The paper captures the definition of online relationships in the Social Web and why they are inherently ambient and not intimate as opposed to those we maintain in the real world. In life, we embrace those relationships that are mutually beneficial and not necessarily one-sided.
In social networks, however, many factors are present that impact the social graph as well as the ebb and flow of information and ultimately dictate what becomes a top trending topic, who garners relative authority, and also what goes viral.

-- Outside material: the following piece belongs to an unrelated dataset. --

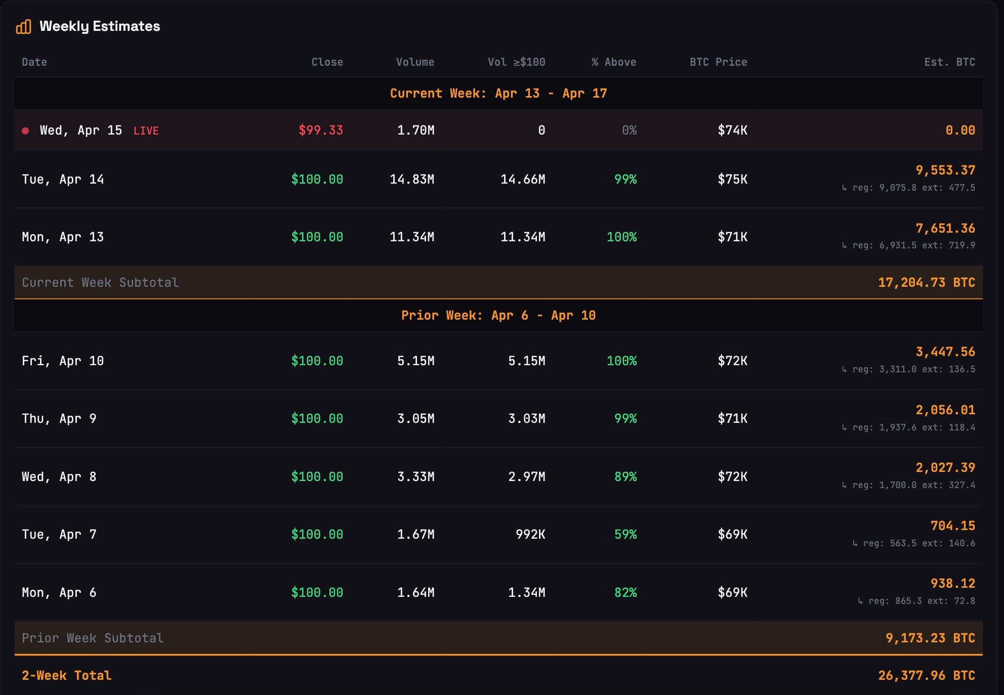 According to this week’s report, starting April 13, the STRC mechanism continues converting market liquidity into direct Bitcoin purchases. Over the current week, funds have already been raised to acquire 17,284.73 $BTC, according to strc.live data.

According to the report, “A link between any two people does not necessarily imply an interaction between them. As we showed in the case of Twitter, most of the links declared within Twitter were meaningless from an interaction point of view. Thus the need to find the hidden social network; the one that matters when trying to rely on word of mouth to spread an idea,
a belief, or a trend.”
The intentions of Social Networks and Micro Communities (such as Twitter) were genuine and innovative as they attempted to improve communication, sharing, and connectivity between friends, family, associates. The new social economy also aspired the building of bridges between the previously disconnected and interspersed relationships that join friends of a friend (FOAF).

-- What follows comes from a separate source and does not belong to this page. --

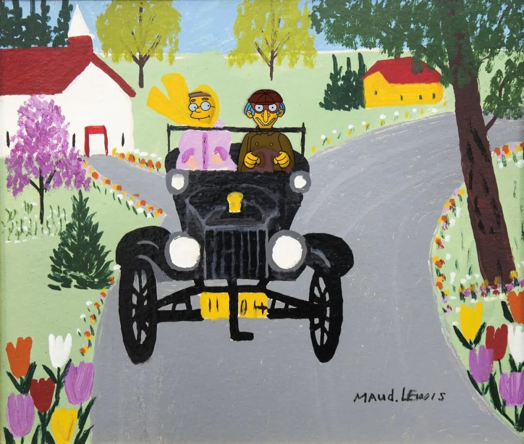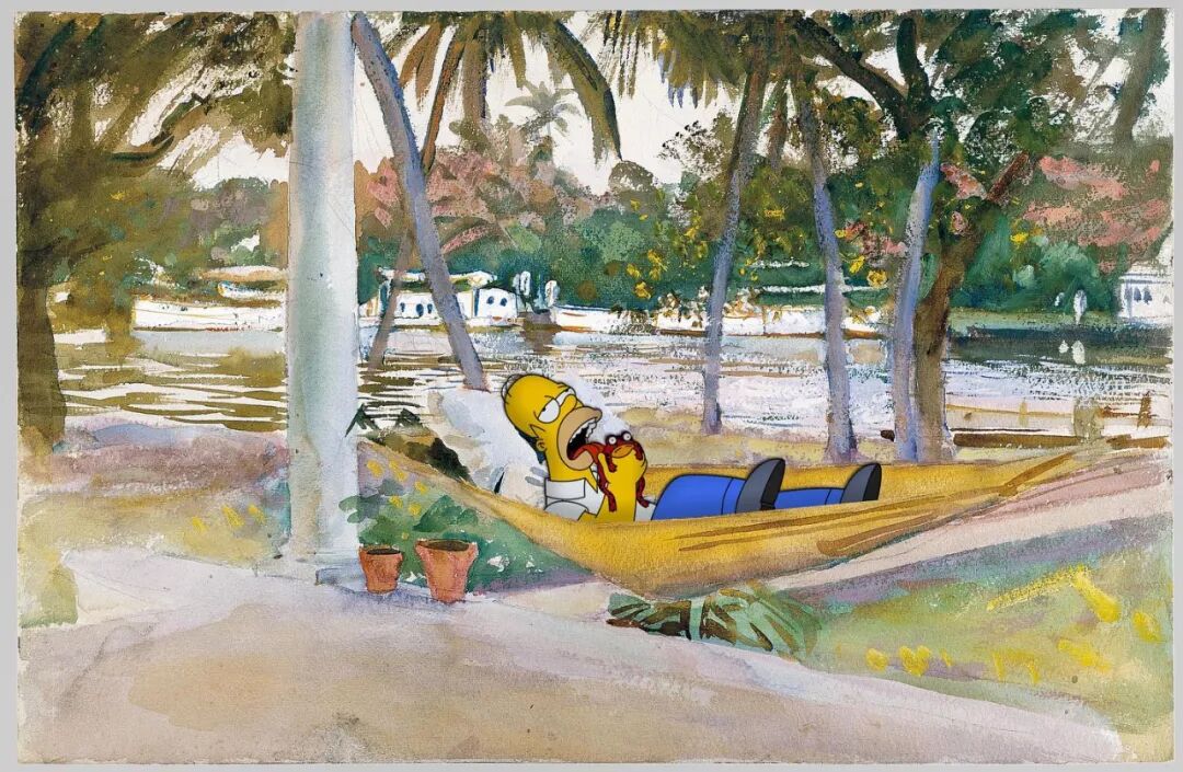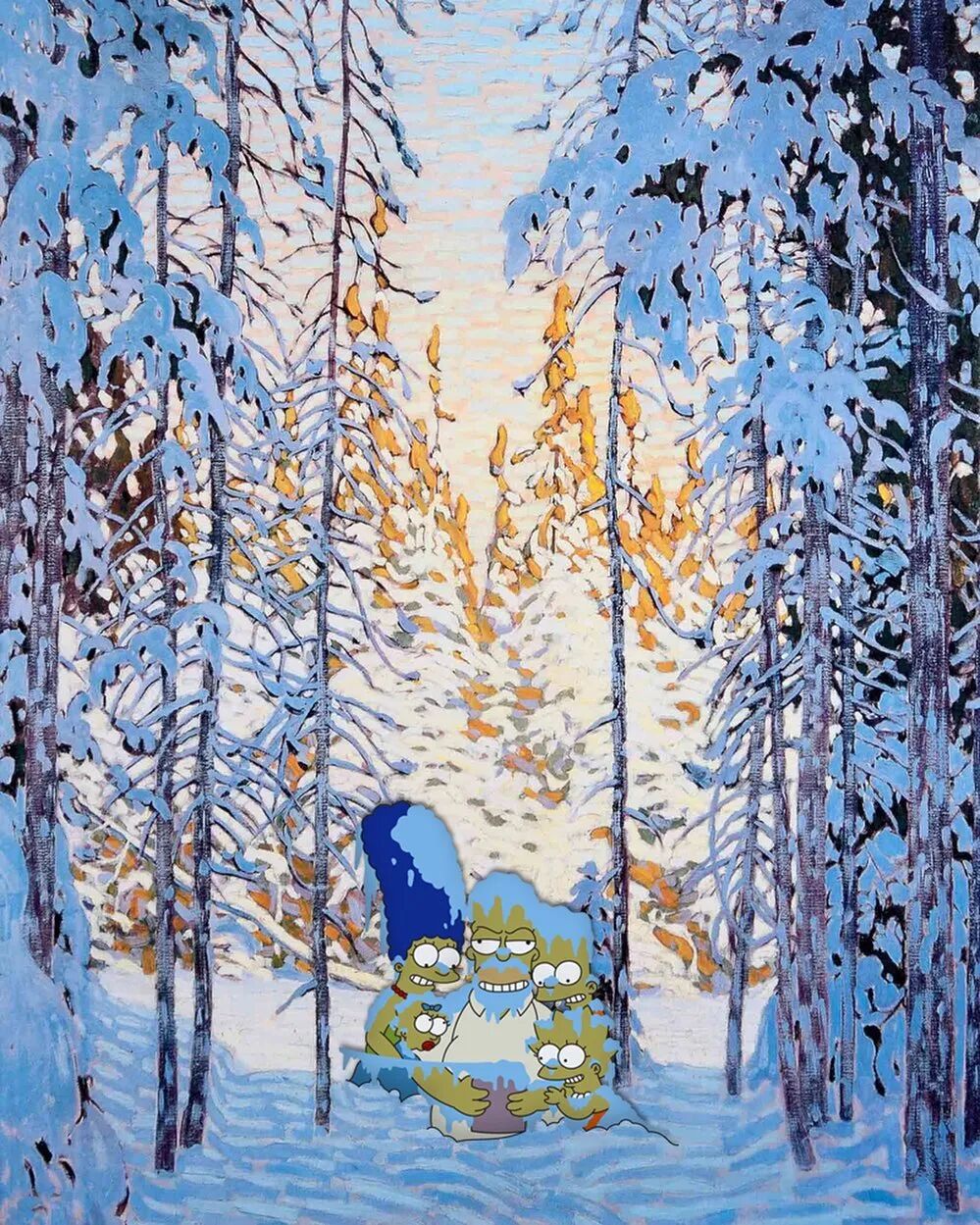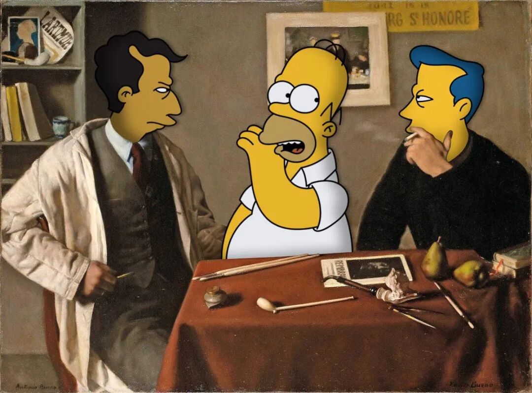 创作过程并不算复杂,这位插画家会事先选择好《辛普森一家》的角色,然后与不同流派的绘画作品融合到一起,经过融合后的绘画作品,不仅给人带来幽默的感觉,有的还改变了原本作品的含义,让人有了另外一种解读。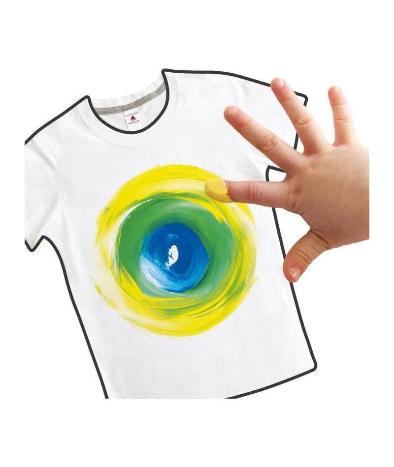 Gouache aux doigts pour textile, prête a l'usage, en pot de 6 couleurs dans une mallette réutilisable. Adaptée au contact avec la peau, destinée aux enfants des le plus jeune âge et spécialement conçue pour être appliquée avec les doigts sur textiles.

What has evolved however, is so much more than the connection of friends and friends of friends. Social Networks have created a parallel friend/follower archetype that injects a homologous top-down network where individuals not only connect with those they know, but also with those who are interested in following their online activity, and not necessarily with the expectation of reciprocation. This injects a new dynamic into online social relationships, one that facilitates and fosters a less personal, but still meaningful engagement, creating an ambient, persona-audience interconnection.
In an attempt to measure influence while revealing relationships on Twitter, Benedikt Koehler developed Twitter Friends. Koehler’s application is by far the most compelling and valuable analysis tool for measuring the @-crowd or “the relevant net,” those people that any given user converses with most often.
He observes, “The number of people you follow on Twitter is not the whole truth. It’s more interesting [to see] who you are talking to whether you are following them or not. It [is] not a connection-based network but a performance-based network.”
Revealing the Hidden Network – The Outbound Relevant Net
Using TwitterFriends to visualize the outbound relevant net for someone, in this case me, on Twitter, here’s a snapshot of those I most recently conversed with in the public timeline:
This is what’s called the “Hidden Network,” but it’s not representative of the whole story. This map merely represents a moment in time where context and related events connected individuals and therefore formed a transient first-level map of contextual relations or conversations.
The Inbound Relevant Net – Public Conversations @username
The followers and followers of followers that consistently, and loyally, RT, @, promote, or cite (tweet) excerpts of content related to a particular username is a far more compelling revelation into the true influence and authority of a relevant network – one that is powered by both parallel and divergent factors associated with outbound conversations sourced from the host ID.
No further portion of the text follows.